June 1, 2012 (PLANSPONSOR.com) - The American Benefits Council welcomes proposed regulations to Internal Revenue Code Section 417(e), regarding the treatment of benefits paid partially as an annuity and partially in another form from a defined benefit (DB) pension plan.
However, Michael L. Hadley, partner in the law firm of Davis & Harman, testifying on the Council’s behalf, urged the Treasury and the Internal Revenue Service (IRS) to apply the proposals prospectively only and to state that no inference should be drawn regarding current law. “[W]e disagree with Treasury and IRS’ position in the guidance that, under current law, when one portion of a retirement benefit distribution subject to Section 417(e) is a ‘decreasing’ benefit, both portions of the distribution are subject to the minimum present value requirements of Section 417(e)(3). The Council believes instead the current regulation does not clearly require that, and can be reasonably interpreted to reach the opposite result,” Hadley said. (See “Treasury Proposals Pave Way for Offering Lifetime Income Options”)
Hadley explained: “Generally lump sums and certain other distributions paid from defined benefit pension plans must be no less than the amount calculated using the interest and mortality assumptions provided under Section 417(e). The regulations apply the 417(e) valuation requirement to all payment forms not explicitly exempted.” Hadley asked for clarity about an exemption such as one relating to non-decreasing annuities.

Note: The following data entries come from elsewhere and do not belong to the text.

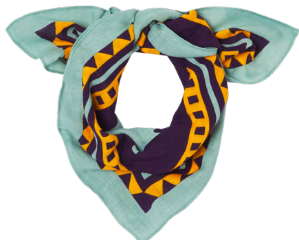
WBC04 Paola - Purple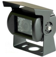
Heavy duty cameras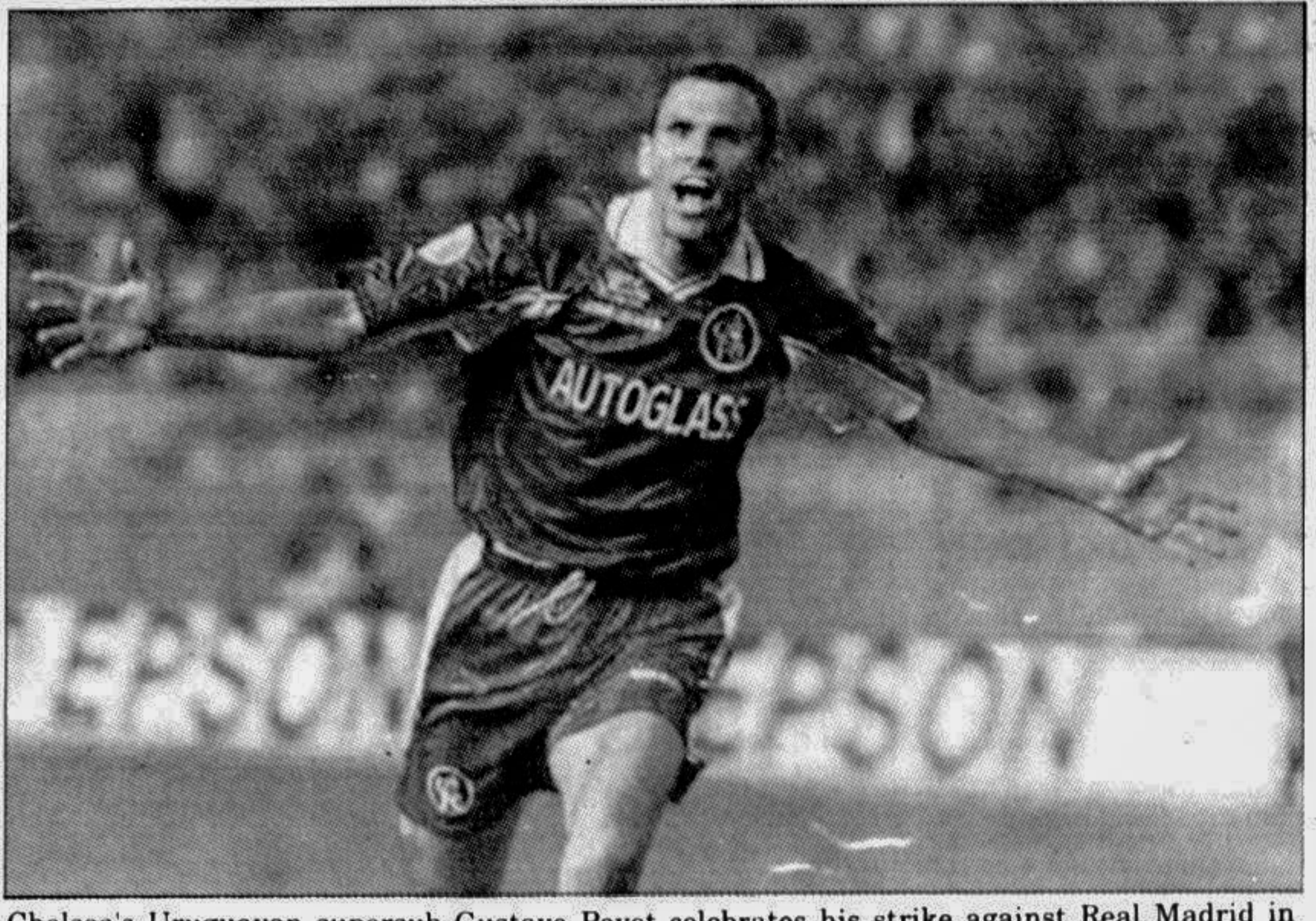
Chelsea's Uruguayan supersub Gustavo Poyet celebrates his strike against Real Madrid in the European Super Cup final in Monaco on August 28. The London team won on Poyet's goal.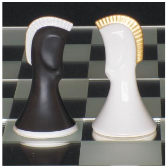
Knight 7,5cm (3.0")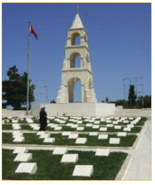
Monument to the Turkish 57th regiment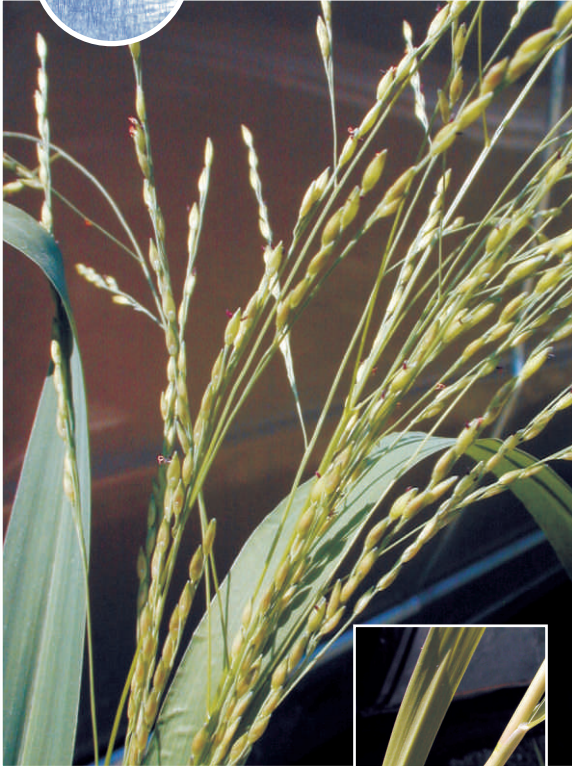
Panicum dichotomiflorum

🇨🇦 Distribution: NS, NB, QC, ON Flowering: June - October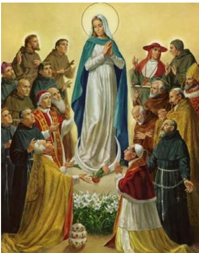
Queen of all Saints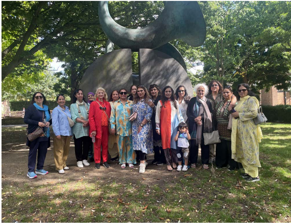
The London Asian Ladies Club (LALC)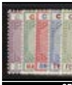
OFFER #17091 GREAT BRITAIN #29 PL #12, MINT LH OUR PRICE $995-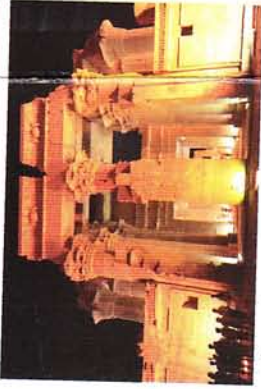
Temple of Kom Ombo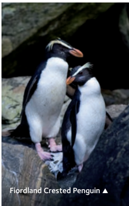
Fiordland Crested Penguin ▲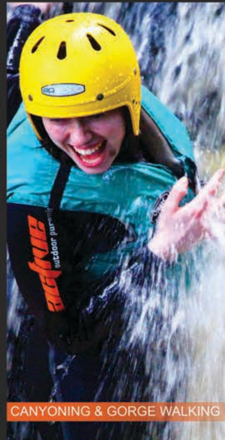
CANYONING & GORGE WALKING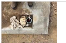
Conduit holes capped.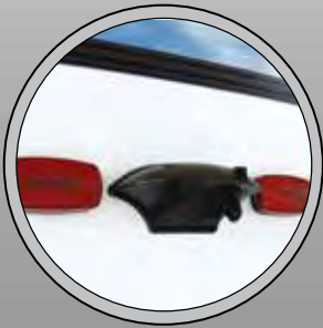
BACK UP CAMERA PREP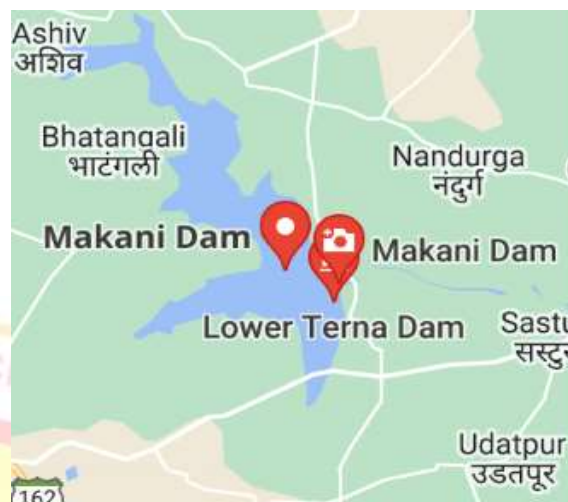
Fig.1 Makni reservoir from Osmanabad district (MS)

The six-month survey (July 2022 to December 2022) has shown that physicochemical parameters of Makni reservoir from Osmanabad district (MS) India shows wide range of results.

The current Section 417(e) present value requirement “does not apply to an amount of a distribution paid in the form of an annual benefit that does not decrease during the life of the participant,” said Hadley. “If the requirement applies to the whole benefit if any portion of the benefit decreases, then saying it does not apply to ‘an amount’ of a distribution is unnecessary. Rather, the regulation would have just said 417(e) does not apply to ‘a distribution’ or to ‘an optional form’ that does not decrease during the life of the participant.”